In an unusually detailed preparation for an Environmental Effects Statement for a proposed discharge of dairy wastes into the Curdies River, in western Victoria, a team of stream ecologists wanted to describe the basic patterns of variation in a stream invertebrate thought to be sensitive to nutrient enrichment. As an indicator species, they focused on a small flatworm, Dugesia, and started by sampling populations of this worm at a range of scales. They sampled in two seasons, representing different flow regimes of the river - Winter and Summer. Within each season, they sampled three randomly chosen (well, haphazardly, because sites are nearly always chosen to be close to road access) sites. A total of six sites in all were visited, 3 in each season. At each site, they sampled six stones, and counted the number of flatworms on each stone.

Format of curdies.csv data files
SEASONSITEDUGESIAS4DUGESIA
WINTER10.6480.897
........
WINTER21.0161.004
........
WINTER30.6890.991
........
SUMMER400
........

Each row represents a different stone
SEASONSeason in which flatworms were counted - fixed factor
SITESite from where flatworms were counted - nested within SEASON (random factor)
DUGESIANumber of flatworms counted on a particular stone
S4DUGESIA4th root transformation of DUGESIA variable
Dugesia

Open the curdies data file.

The SITE variable is supposed to represent a random factorial variable (which site). However, because the contents of this variable are numbers, R initially treats them as numbers, and therefore considers the variable to be numeric rather than categorical. In order to force R to treat this variable as a factor (categorical) it is necessary to first convert this numeric variable into a factor (HINT).

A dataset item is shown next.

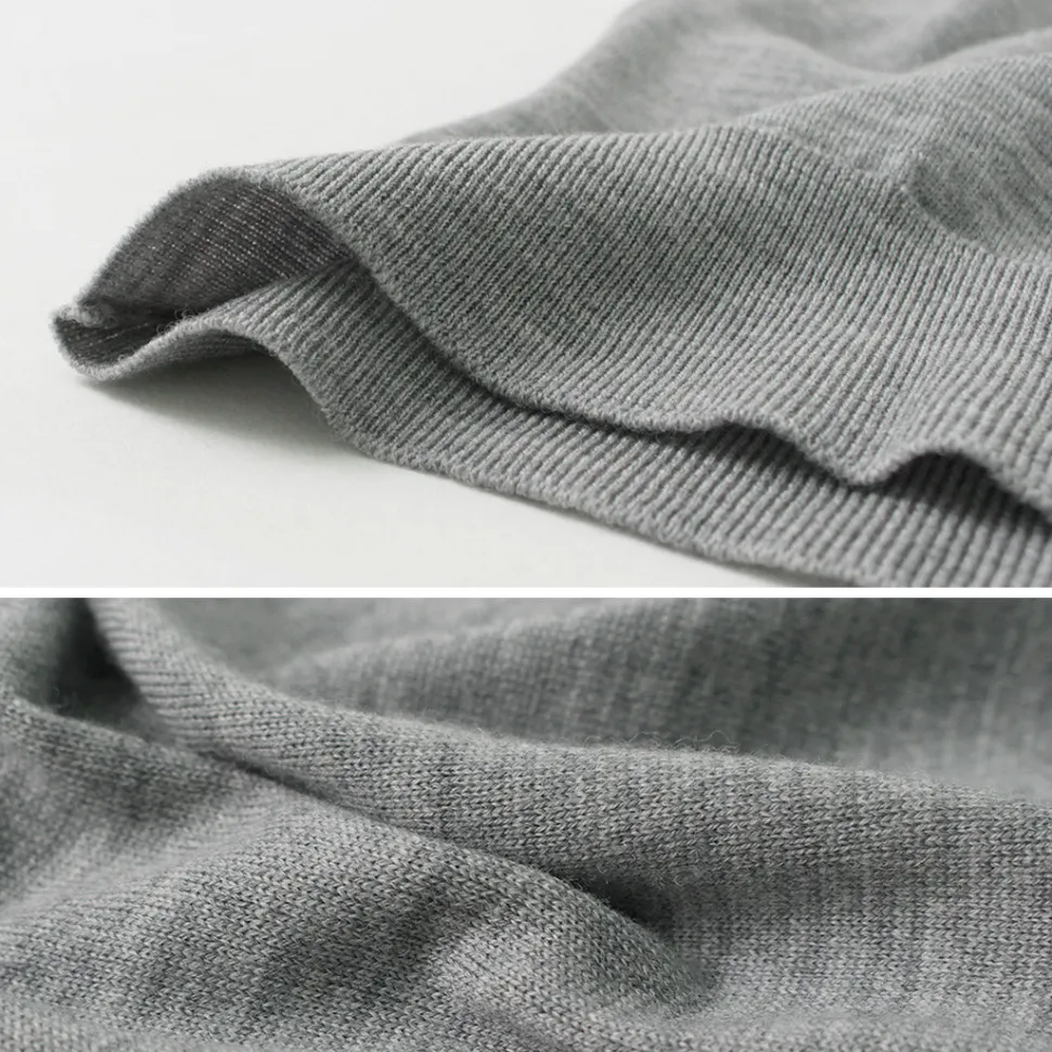 The finest merino wool is used for the expression and the beautiful silhouette with fine dimensional adjustment. The careful sewing by the craftsmen is also remarkable. Please enjoy the strength of this knitwear with a long history made of high quality materials.

Notice the data set - each of the nested factors is labelled differently - there can be no replicate for the random (nesting) factor.

Q1-1. What are the main hypotheses being tested?
  1. H0 Effect 1:
  2. H0 Effect 2:
Q1-2. In the table below, list the assumptions of nested ANOVA along with how violations of each assumption are diagnosed and/or the risks of violations are minimized.

AssumptionDiagnostic/Risk Minimization
I.
II.
III.

Q1-3. Check these assumptions (HINT). Note that for the effects of SEASON (Factor A in a nested model) there are only three values for each of the two season types. Therefore, boxplots are of limited value! Is there however, any evidence of violations of the assumptions (HINT)? (Y or N)
If so, assess whether a transformation will address the violations (HINT) and then make the appropriate corrections (HINT).

Q1-4. For each of the tests, state which error (or residual) term (state as Mean Square) will be used as the nominator and denominator to calculate the F ratio. Also include degrees of freedom associated with each term.
EffectNominator (Mean Sq, df)Denominator (Mean Sq, df)
SEASON
SITE

Q1-5. If there is no evidence of violations, test the model;
S4DUGES = SEASON + SITE + CONSTANT
using a nested ANOVA (HINT). Fill (HINT) out the table below, make sure that you have treated SITE as a random factor when compiling the overall results.

Q1-6. For each of the tests, state which error (or residual) term (state as Mean Square) will be used as the nominator and denominator to calculate the F ratio. Also include degrees of freedom associated with each term.
Source of variationdfMean SqF-ratioP-value
SEASON
SITE
Residuals  

Normally, we are not interested in formally testing the effect of the nested factor to get the correct F test for the nested factor (SITE), examine a representation of the anova table of the fitted linear model that assumes all factors are fixed (HINT)

Q1-7. What are your conclusions (statistical and biological)?

Q1-8. Where is the major variation in numbers of flatworms? Between (seasons, sites or stones)?


Q1-9. How might this information influence the design of future experiments on Dugesia in terms of:
  1. What influences the abundance of Dugesia
  2. Where best to focus sampling effort to maximize statistical power?

Q1-10.Finally, construct an appropriate graph to accompany the above analyses. Note that this should use the correct replicates for depicting error (HINT). Save the graph as a jpeg image and import the graph into word.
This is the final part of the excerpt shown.